ZeusDeusEx 1 month ago
this doesnt hinder on my spirituality aftr all coolz
seigneurvoland666 1 year ago
@prgalois To give future science direction.
yankskiller34 1 year ago
@kebass
Oh! You mean metaphysical musings such as those that have been falsified by scientific discoveries. Pat Churchland would probably be among the first to argue that philosophers will never answer questions about consciousness without a firm foundation of scientific data.
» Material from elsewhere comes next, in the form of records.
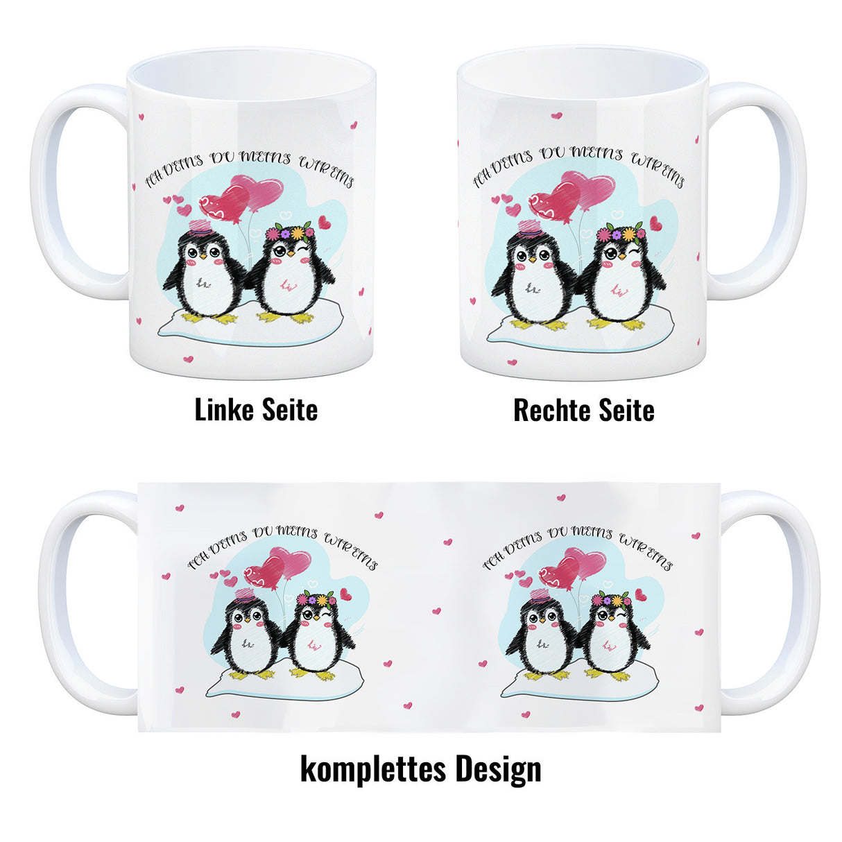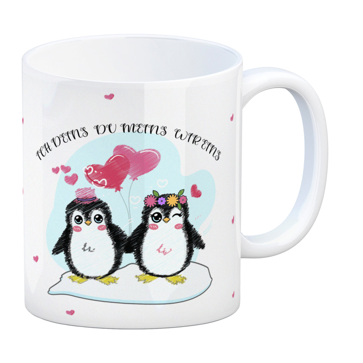 • 1x Pinguin Pärchen Kaffeebecher mit Spruch in der gewählten Ausführung
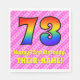 This happy and festive 73rd birthday-themed paper napkin design features a large number "73" having a colourful pattern inspired by the appearance of a rainbow spectrum. It also features the message "Happy 73rd Birthday,", and a personalised name. The background features a pattern of dark pink and light pink stripes containing loving pink heart shapes. Birthday themed paper napkins like this might be used when celebrating somebody’s seventy third birthday. [~Z0000417]
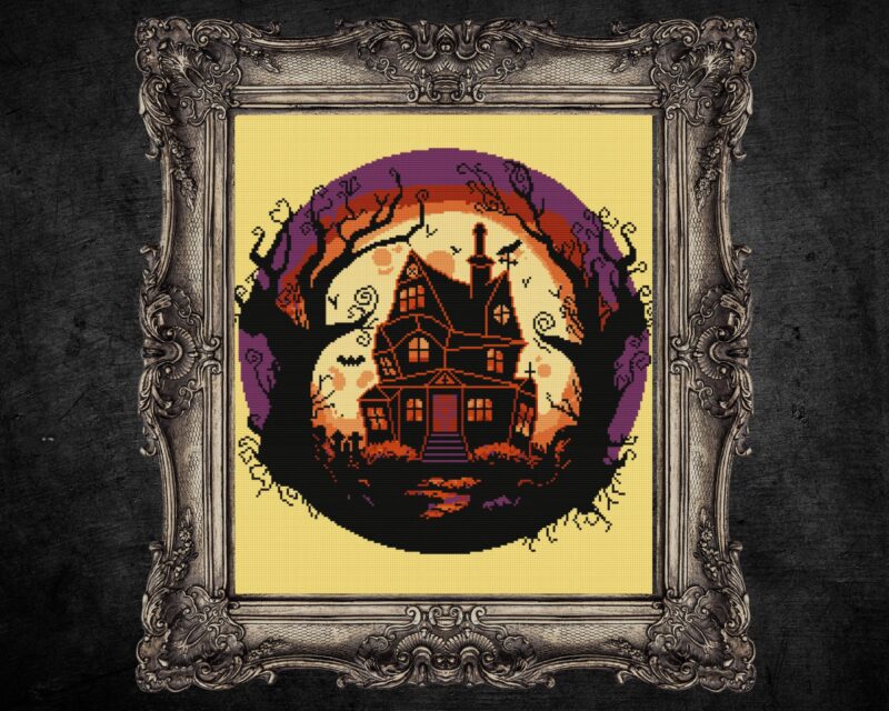 This modern cross stitch pattern featuring a meticulously detailed design of a haunted mansion, shrouded in mist and darkness, with twisted trees looming in the background and a ghostly full moon casting its light over a nearby cemetery. This pattern captures the essence of the macabre, the perfect blend of fear and beauty, and it’s perfect for those who are fans of the gothic horror genre, H.P Lovecraft works, Edgar Allan Poe, Stephen King and similar authors, and for those who enjoy the feeling of being creeped out.
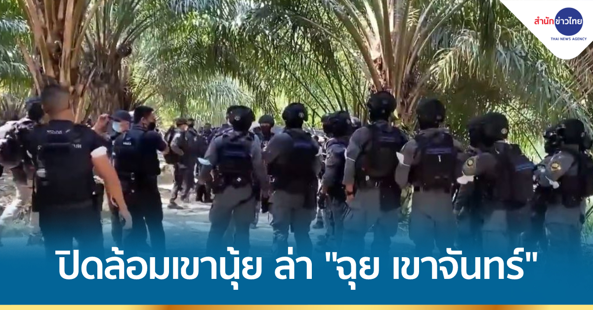 สงขลา 12 มี.ค. – ผบ.ตร. สั่งระดมกำลังตำรวจกว่า 100 นาย พร้อมอาวุธครบมือ ปิดล้อมพื้นที่รอบเขานุ้ย ต.เขาพระ อ.รัตภูมิ จ.สงขลา ล่าตัว “ฉุย เขาจันทร์” กับพวก
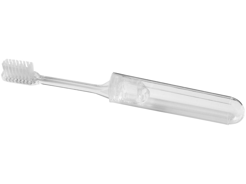 Подарок для путешественника? Что взять с собой в командировку? Дорожную зубную щетку, разумеется. Компактно складывается в прозрачный чехол, на пластиковый корпус возможно нанесение тампопечати. Тампопечать (1 цвет (цветные изделия)) на данный товар осуществляется бесплатно. Оплачивается только настройка оборудования в размере 3600 рублей на весь тираж.
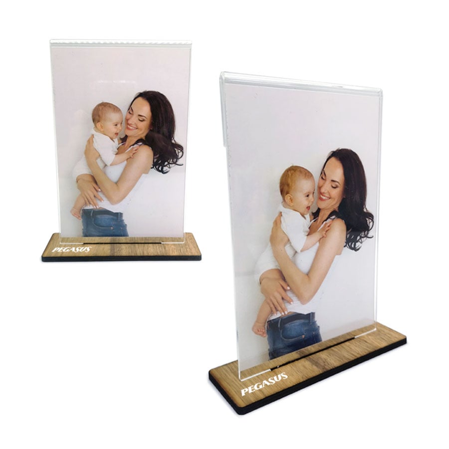 This vertical frame combines plastic and quality wood for a unique appearance.
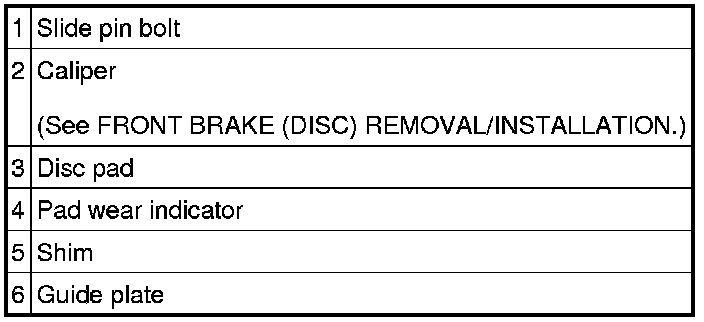 DISC PAD (FRONT) REPLACEMENT 1.
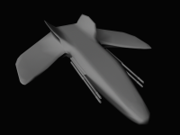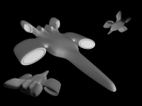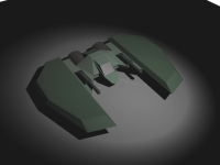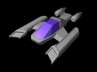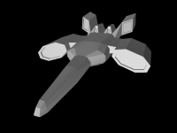 (10/04/03) So it turns out hitting the ``smooth'' button in Maya on Ted's ship from yesterday (with a few minor changes...) gives us this awesome-looking ship. The poly count is up around 5800 (heh) but we can work on getting that number down I'm sure.
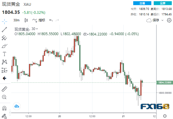 美市早盘,现货黄金一度下跌至1794.45美元低点,较日高回落19美元,现回升至1800美元上方交投。
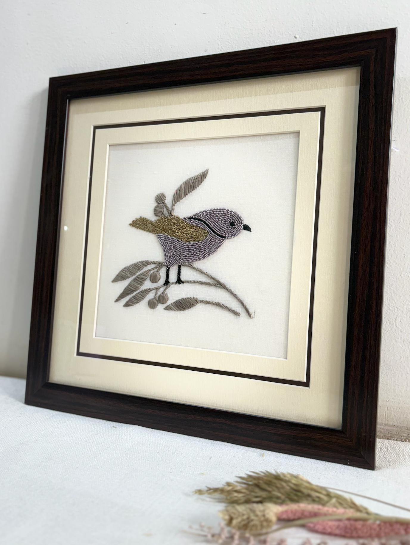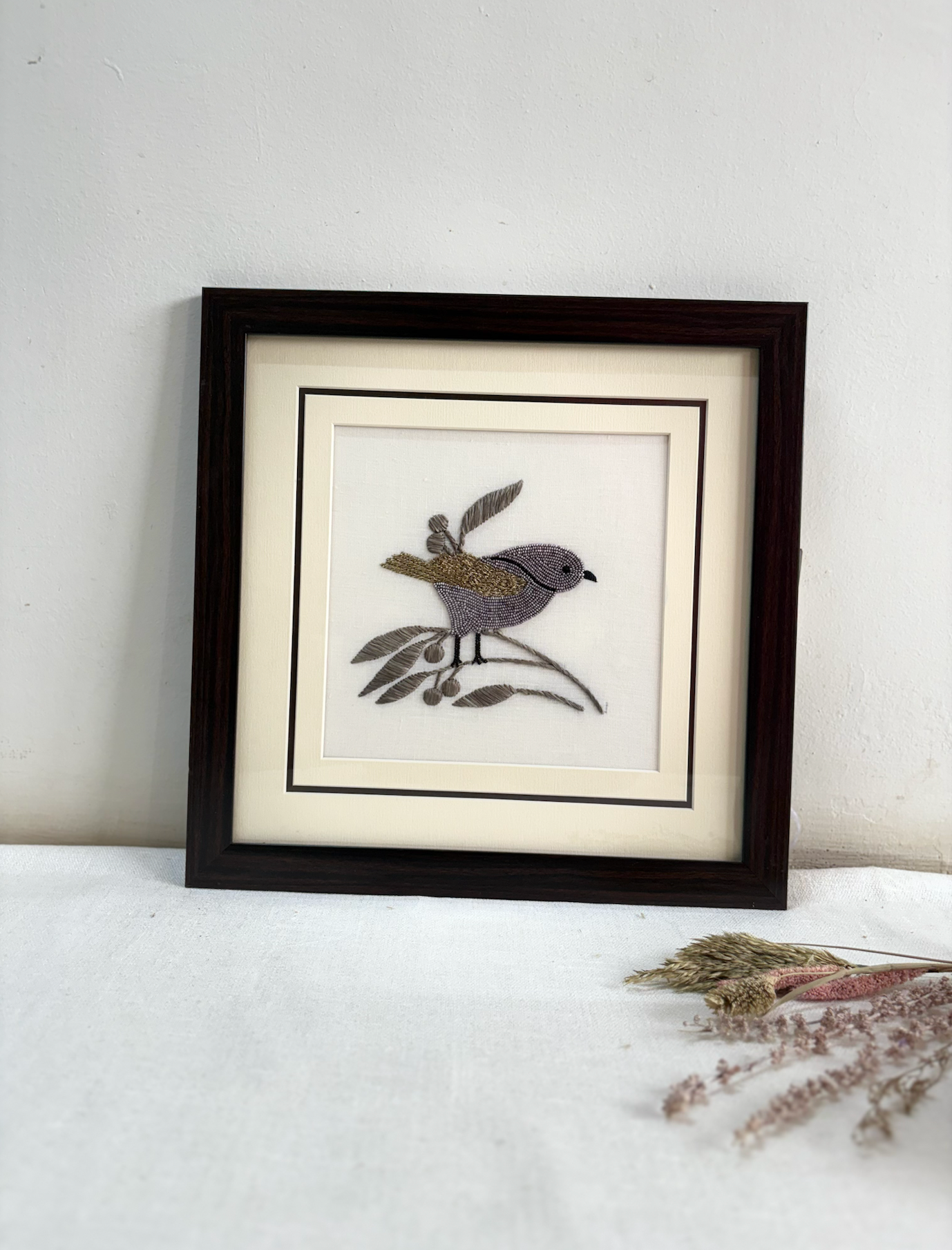 Bring home the charm of nature with our “Sparrow in Stillness” art frame. This hand-embroidered piece features a delicate sparrow made with glass beads, raffia and metallic thread, perched on a stitched branch over a clean white background. A perfect piece of minimalist decor, it adds a calming, handmade touch to any space, or makes a thoughtful gift for someone who loves subtle beauty and artisanal art.
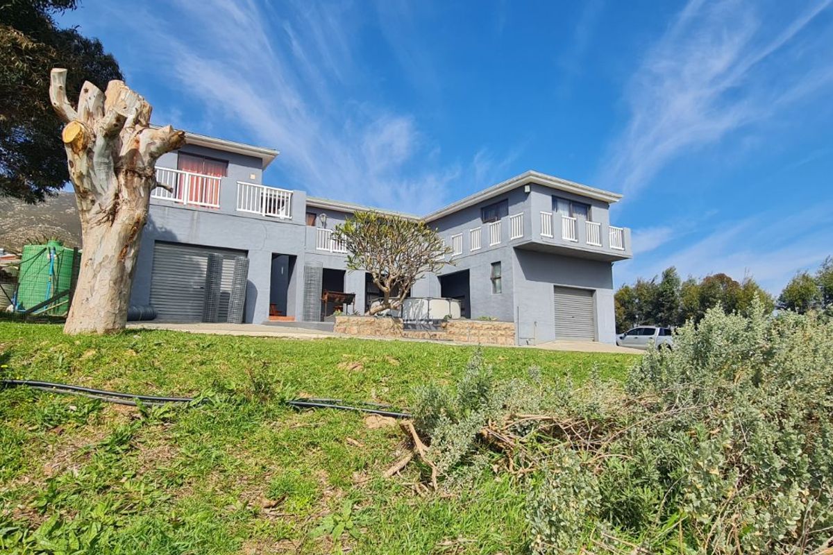 Tranquil Sweetwaters smallholding with sweeping Hottentots Holland Mountains and False Bay views, multi-level dual-living home with balcony and built-in braai, borehole and small dam, three bedrooms, three bathrooms.
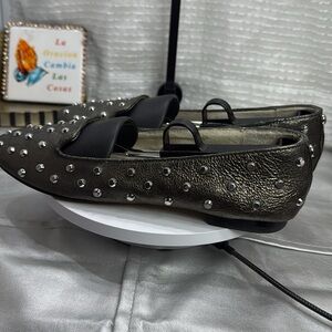 (E2) Michael Kors Ailee metallic leather flats with silver studs, size 8.5M.
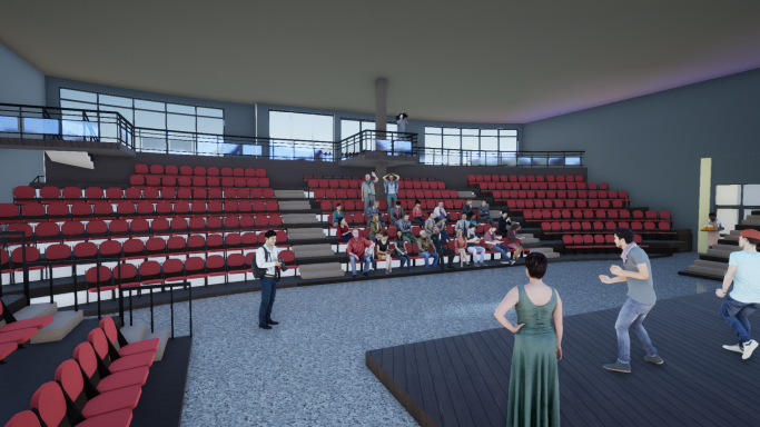 Hierfür werden geeignete Räumlichkeiten in mehreren Stockwerken benötigt, im Besonderen sind im oberen Untergeschoss (das Gebäude wird am Hang errichtet) u.a. eine Nähwerkstatt, eine Schreinerei mit integrierter Instrumentenbauwerkstatt, ein Tonstudio, Begegnungsraum, Chor- und Orchesterprobenräume sowie ein Bandraum geplant. Im Erdgeschoss sind zudem große Seminarräume mit verschiebbaren Wänden, eine Bibliothek, ein Museum, ein Klavierübungsstudio, eine Gesundheitsberatungsstelle sowie Arbeitsvermittlungsbüro vorgesehen. Zwei weitere Stockwerke runden das Zentrum neben Büros und Ausbildungsräumen mit einem großen multifunktionell nutzbaren Konzert- und Theatersaal unter dem Dach ab.
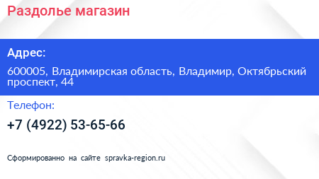 Раздолье, магазин по адресу 600005, Владимирская область, Владимир, Октябрьский проспект, 44 в дальнейшем Организация, размещена в следующих категориях:

I'd be among the first to argue that neuroscientists, and not philosophers will answer any answerable questions about consciousness.
EvolvedAtheist 1 year ago
@prgalois The fact that you would even ask that question shows your inability to grasp the nature of the philosophical enterprise. To put it succinctly, the point of philosophy is to rigorously, systematically attempt to answer questions like the one you have just posed, ones which science does not have a chance at answering.
kebass 1 year ago
- "concepts such as belief, free will, and consciousness will likely need to be revised as science understands more about the nature of brain"
So, what's the point of philosophy?
prgalois 1 year ago
A fantastic exposition of a uniform, productive and increasingly credible (in the light of evidence) methodological outlook. Time will tell whether it will need to modified, and to what extent. But interesting new perspectives it certainly delivers.